The men obeyed and each took a couple of deep breaths, then scrambled out when Ratchet opened his doors. He waited only as long as it took them to get clear before transforming and stepping toward the access panel. A cable extended from his wrist and plugged in; hoping, he spoke his password.
"...I take it Ratchet knows this guy pretty well?" Sam asked his car.
"Why, what'd he say?" Lieutenant Casey asked.
"Roughly? 'It's me. Open up, you hack'," Sam translated.
The doors to the lab slid almost silently open. Ratchet went through first, transmitting codes for lighting in human-visible spectrums.
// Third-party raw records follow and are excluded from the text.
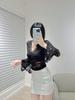 Stylish V-Neck Slim Lace Top: Women's Sexy Flared Long-Sleeve Shirt for Early Autumn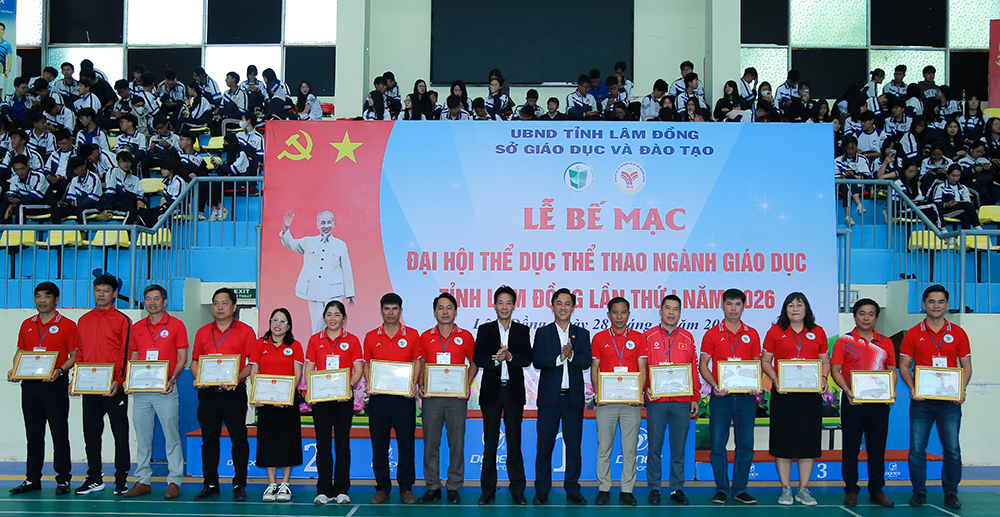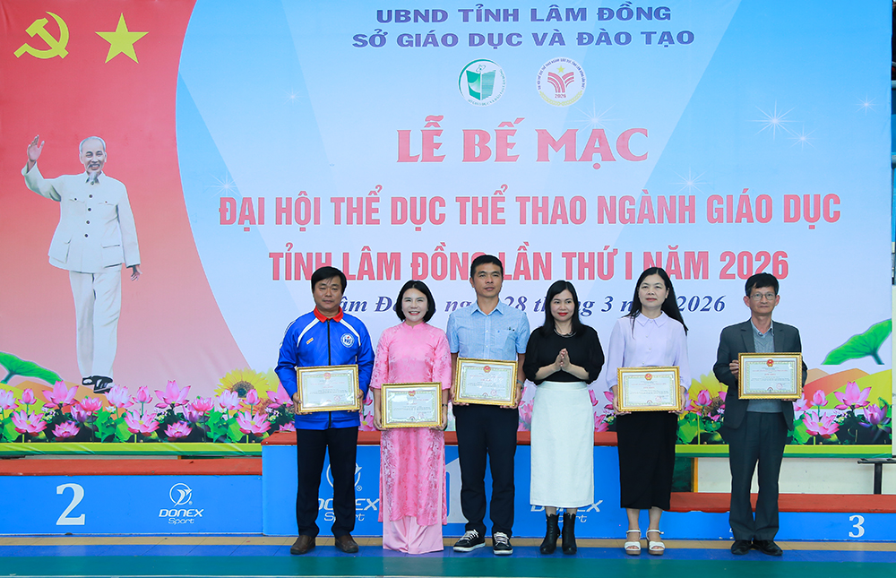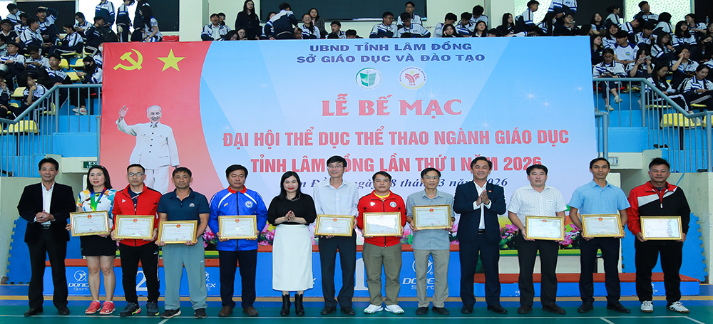 Ban Tổ chức trao Giấy khen của Giám đốc Sở Giáo dục và Đào tạo cho các tập thể có thành tích tốt tại Đại hội Thể dục thể thao ngành Giáo dục tỉnh Lâm Đồng lần thứ I năm 2026.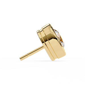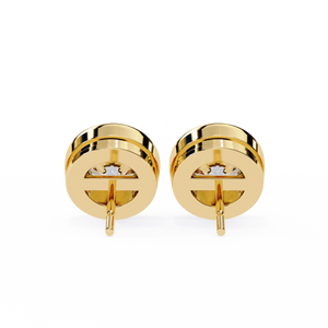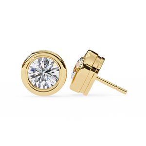 These sleek 14K gold diamond stud earrings feature a brilliant round diamond encased in a smooth bezel setting for a clean, modern look. The full-metal frame offers both elegance and security while accentuating the diamond’s sparkle. Designed for comfort and timeless wear, these studs are a perfect blend of sophistication and simplicity.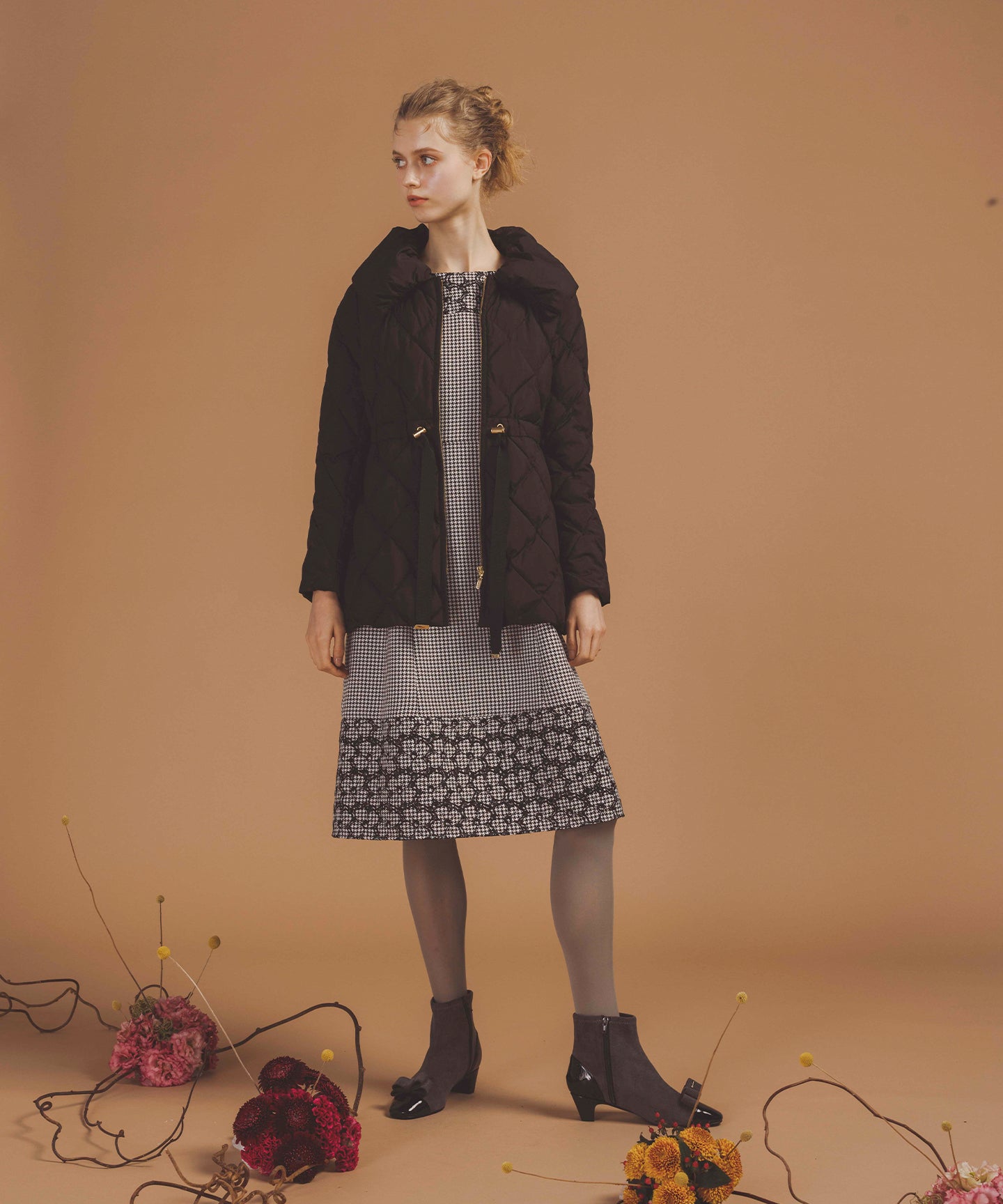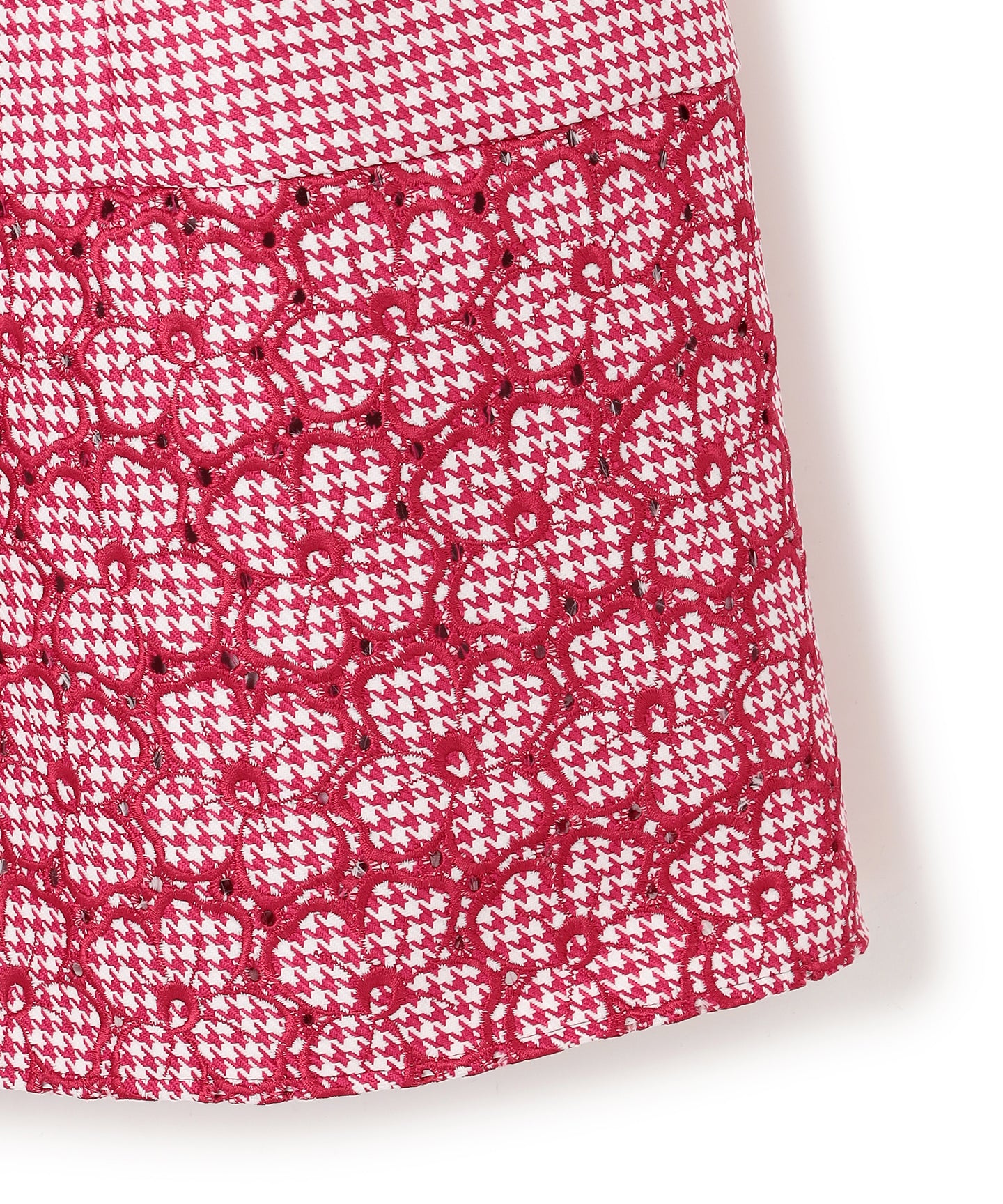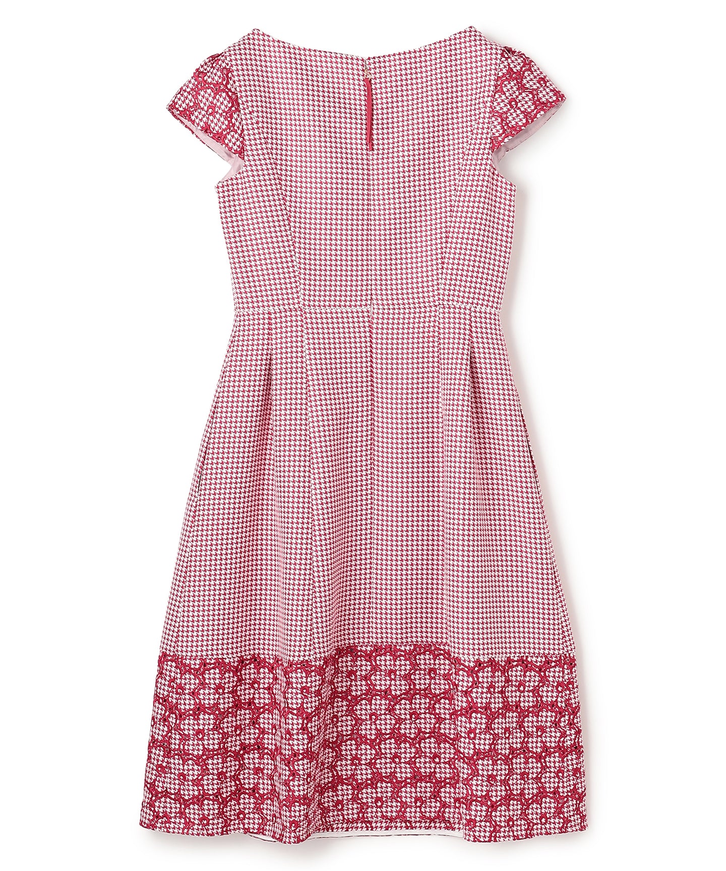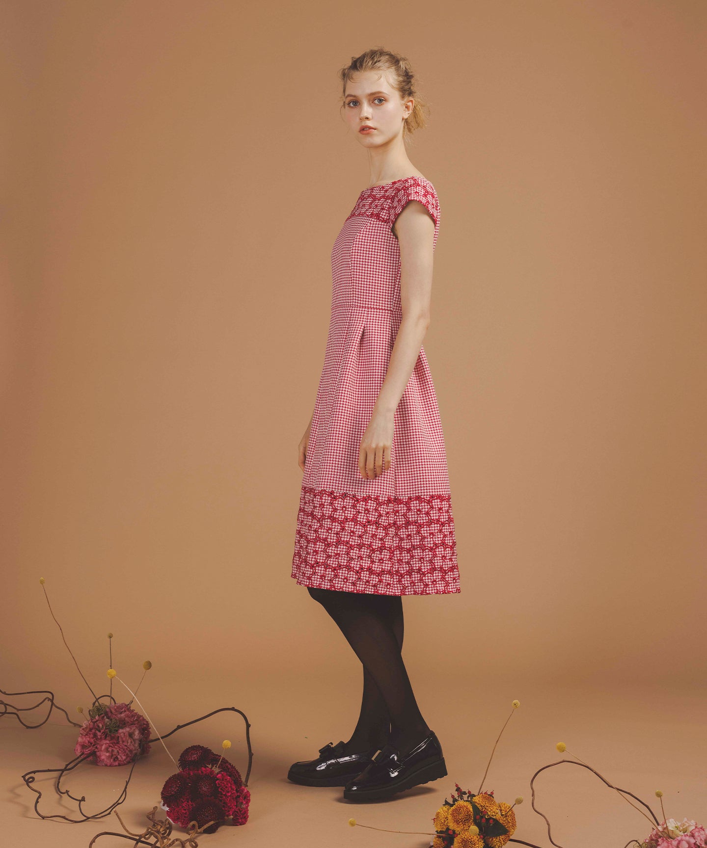 千鳥柄のジャカード生地に刺繍をあしらった、クラシカルで洗練された雰囲気を纏うドレス。 立体感のあるジャカード織りならではの上質な風合いに、丁寧に施された刺繍が華やかなアクセントを添え、ワントーンながらも奥行きのある表情を生み出しています。 刺繍の間にはアイレット(小さな透かし穴)を施し、重たくなりがちな秋冬の素材感に、軽やかで抜け感のある印象をプラス。日常から特別なシーンまで幅広くお召いただけます。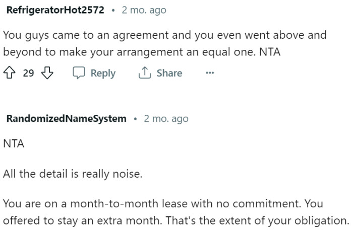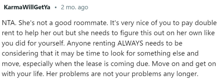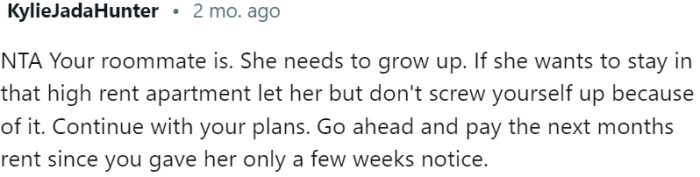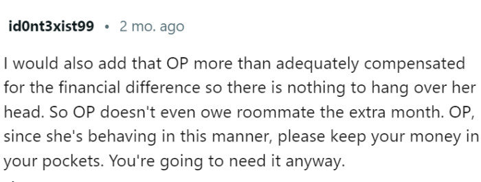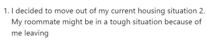 Now, as OP prepares to embark on her upcoming housing journey, she grapples with feelings of guilt stemming from her choice and the somewhat turbulent conclusion of their shared dwelling experience. Her dedication to doing right by her cohabitant while also addressing her own needs remains steadfast.
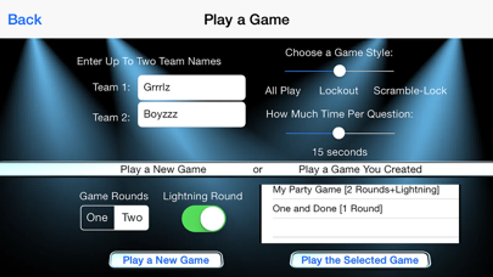 Create a random game from over a thousand questions and dozens of categories, or create your own custom games. You can even create your own categories and questions with our built-in editor.

The glow panels flickered slowly on, then something popped and the place fell into darkness. Growling, he strode forward and hit the room's back wall.
The lights flared back to life.
The NEST soldiers crept in cautiously after him, followed by a quintet of vehicles and one jet that taxied into the room. The moment the door sealed behind them, Ratchet released the codes he'd been holding in stock, changing the atmospheric composition of the lab to something more like Earth's.
Fortunately, it seemed Wheeljack's store of compressed elements were still intact. It took less than thirty seconds of watching the NEST team's hair blow about their faces before they were taking tentative breaths of the new air.
Watching their grins, directed at one another and him, Ratchet felt one small weight lift off his shoulder servos.
They could keep the humans alive. At least for now.
The others poured out of Optimus and Ironhide, climbing out of Bumblebee and Jolt and jumping down from Jetstorm, allowing the Autobots to stretch themselves out as they returned to their root modes.
"So, like, where are we?" Glen Whitmann asked, still holding onto his laptop and turning in a circle to look all around the giant (to him) room.
"Lab of a friend of Ratchet's," Ironhide replied. "His name was Wheeljack."
"It still may be," Ratchet retorted. Ironhide shrugged.
Sam stepped closer to one of the stacks of chemical tanks that lined the walls. His head tilted to one side, reading the Cybertronian labeling as Ratchet watched.
Then the boy looked at the next.
And the next.
He backed up so rapidly that he fell over his own feet, eyes wide. "Ratchet," he said, his voice just a shade off of outright panic, "what the hell did this Wheeljack guy do?!" Half of the humans in the room were staring at Sam.
Ratchet snorted. "Before the war? He was a pyrotechnician."
"So he did fireworks," Master Sergeant Epps said. "Big deal."
"Yeah, fireworks," Agent Simmons agreed, as calm as Sam was not. "Big fireworks. On a planet whose atmosphere is made up of...?" He raised a brow at Ratchet.
"Ninety-eight percent noble gases," Ratchet replied, knowing well where the agent was leading.
"Imagine that," Simmons said. He glared at the men around him. "Do the math."
"Right," said Major Lennox a moment later, his voice just a shade shaken. "Nobody touch anything."